沙織は今頃研修に参加してるのかな?それとも私が行方不明だって大騒ぎになってるのかな?


『どうしよう…』


ここでウジウジしても仕方ない。

近くに誰かいないか探そうと周りを見渡す。


岩壁の間に切り抜いたような空洞を見つけた。きっと外への出入口だろう。そこに麦わら帽子が落ちていた。軽く叩いて汚れを払って被り直した。


逸る気持ちを抑えつつ出入口をくぐった。




『ぅええええぇぇ!?』




目の前に飛び込んできた風景に絶叫する私。普段はそんな驚いたり叫んだりしないんだけど気持ちが着いて来れない感じ。だって…


手間には石畳の道に連なり家が並んでいる

左にはお城があり奥には森が広がっている。右には畑があり平坦でなだらかな丘になっている。

自動車や電車は走っていない。電信柱やコンクリートの道路や標識、看板もない。


行き交う人達はゲームのキャラみたいな服を着ていたし、スーツやジャージ姿の人はいない。

髪は金髪他、赤やら青やら緑やら。瞳も榛色水色翡翠色など様々だった。黒髪黒眼の人がいない。

頭に獣耳や尾、羽が見えるし着ぐるみが歩いているようにも見えていた。


ちなみに洋子の視力は裸眼で1.2のため、決して見間違いではない。


一人ツッコミくらい許して欲しいと見えない誰かに訴えつつ、人がたくさんいる方向へ歩き始めた。




ーーーーー




ここは異世界だ。時代背景は予想もできないけど、自分がいた世界とは全く異なる場所だと肌で感じていた。

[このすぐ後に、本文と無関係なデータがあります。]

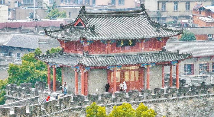 1月19日下午,风雪中的襄阳古城。 (湖北日报全媒记者 赵怡然 摄)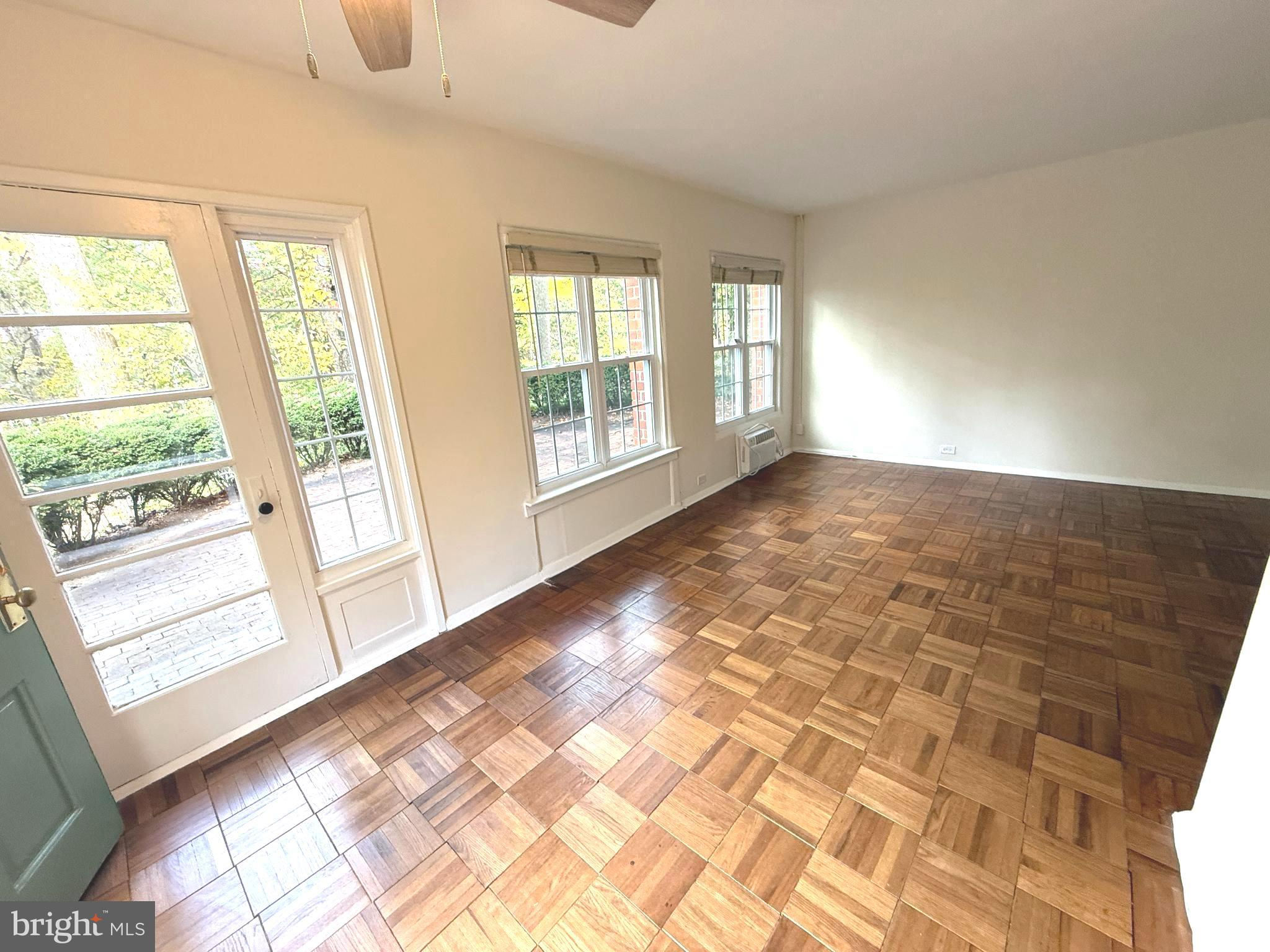 Probably Parkfairfax's largest brick patio facing parkland. Patio level with replacement, double paned windows, newer Ikea kitchen cabinets with butcher block countertops. Freshly painted, tons of closet space, strolling distance to Shirlington's shops, restaurants, inside beltway, non-stop bus service to Pentagon. 3 pools, 7 tennis courts, basketball, & volley ball courts. 5 minute stool to Shirlington's restaurants, bars, movie and live theatre, Harris Teeter grocery, library, post office and dog park. Laundry and extra storage unit at end of building about 40 steps away.
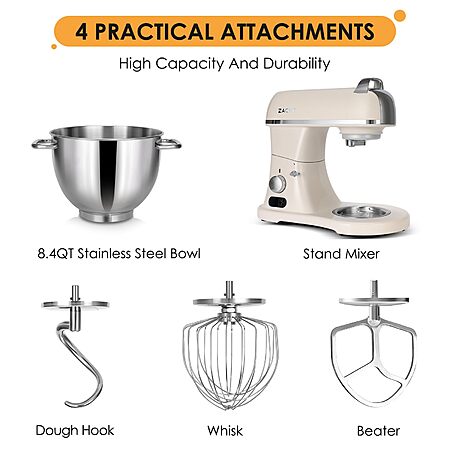 8.4QT Commercial Stand Mixer 800W with Aluminum Die Casting Mixers Kitchen Electric Stand Mixer with Stainless Steel 8L Bowl, Dough Hook, Whisk and Beater $384

キョロキョロしないよう平静を装い歩いていると、聞こえてくるのは雑音でも異国の言葉ではない。日本語じゃないのにスッと内容が入ってくるし文字も読める。

>>どういうこと?もぉいっぱいいっぱいなんだけど?


「どうした?迷子か?」

大きなお店の前で話しかけてきたのは、ベルバラの騎士をイメージした目立つ服を着た男性だ。


茶髪に蒼眼。コスプレイヤーみたいな姿が彼のイケメンぶりに拍車をかけていた。重厚な剣を腰に付けている。

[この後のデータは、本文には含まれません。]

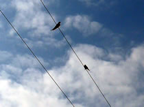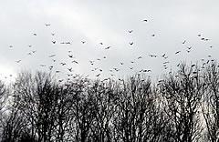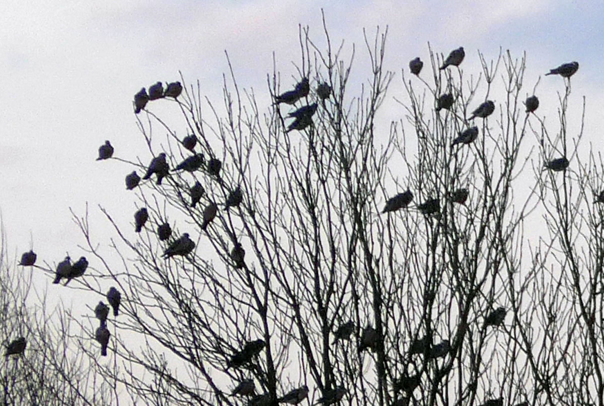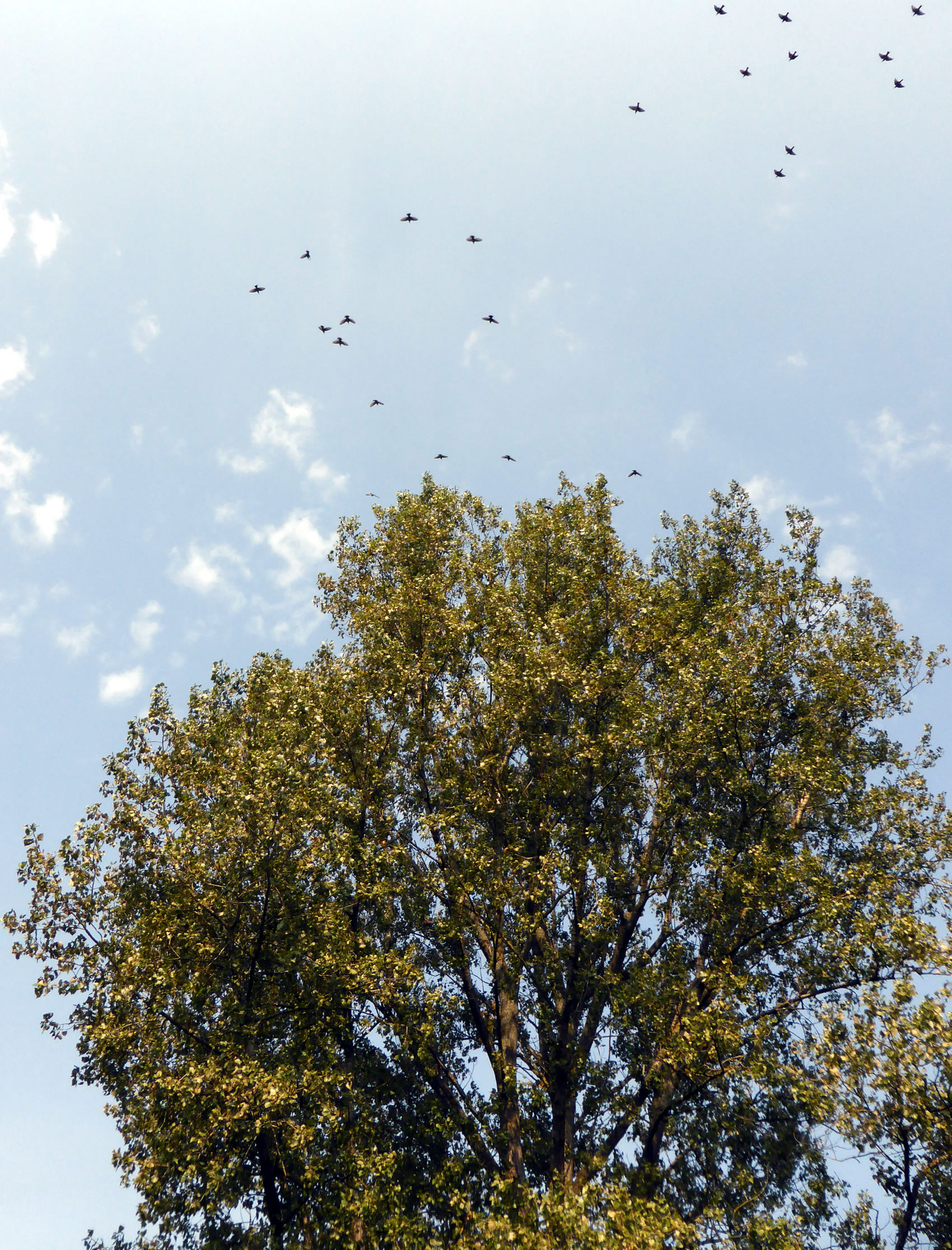 So lang swingt se sik dör de sünnigen Laatsommerdaag in lütte Koppels, swöögt welig dör de Lucht as Delfine in'e See, mal hier, mal dor. Se sünd op Reisen Urlaubsstimmung. Toeerst sünd se ganz tofreden, denn geiht sachten dat Gesnater los. In ehr frömde Spraak snatert se, sirrst un kakelt as verdull, hebbt sik veel to seggen, nich jümmers wat Fründlichs, dücht mi. De Krach duurt un duurt. Se hollt dat lang dör. Denn markst en Verännern: Dat Gesnater warrt hektischer un höger, stiggt an in en groot Crescendo; een Vagel lett sik to Siet ut den Boom falln, noch een folgt; een Momang vun Stillswiegen un denn de grote Exodus: As en Wulk, as en Schadden fallt de ganze Vagelswarm miteens ut den Boom un swingt sik weg in Welln, en eenzig groot Gedanke... Ik kann nich fix noog knipsen. De Pappel steiht noch dor, nich merklich kahler woorn. Man liesen is dat woorn; höörst wedder de Pappel ehr egen Stimm, ruug un sacht, rusen. De Biller köönt Se per

「俺はシャイン国騎士の“ライト・スチュアート。怪しい者じゃない」

>>人が良さそうなコスプレイヤーに見える。


咄嗟に営業スマイルを浮かべながら思案した。

この世界の通貨は持っていないのでホテルに宿泊したくても無理だろう。野宿は嫌だし落ち着いて考えたい。ならば…


『私は、佐いえ、ヨウコ・サトウです。遠い田舎から出てきて、この街の事がまだわからないんです。これから生活していくため仕事が欲しいんです』


「仕事?ならキルドに行けばヨーコにもできるんじゃないか?」

『ギルド?』

>>ハロワみたいな?

頭上の?マークに気づかれたらしい。

「ギルドを知らないのか?そんな事でよく一人でここまで来れたな?」

>>ヤバッ!

『途中までは一人じゃなかったんです』

>>嘘ではないよね?沙織と一緒だったもん。


ギルドまで案内してくれることになったので、ライトさんと一緒に歩き出した。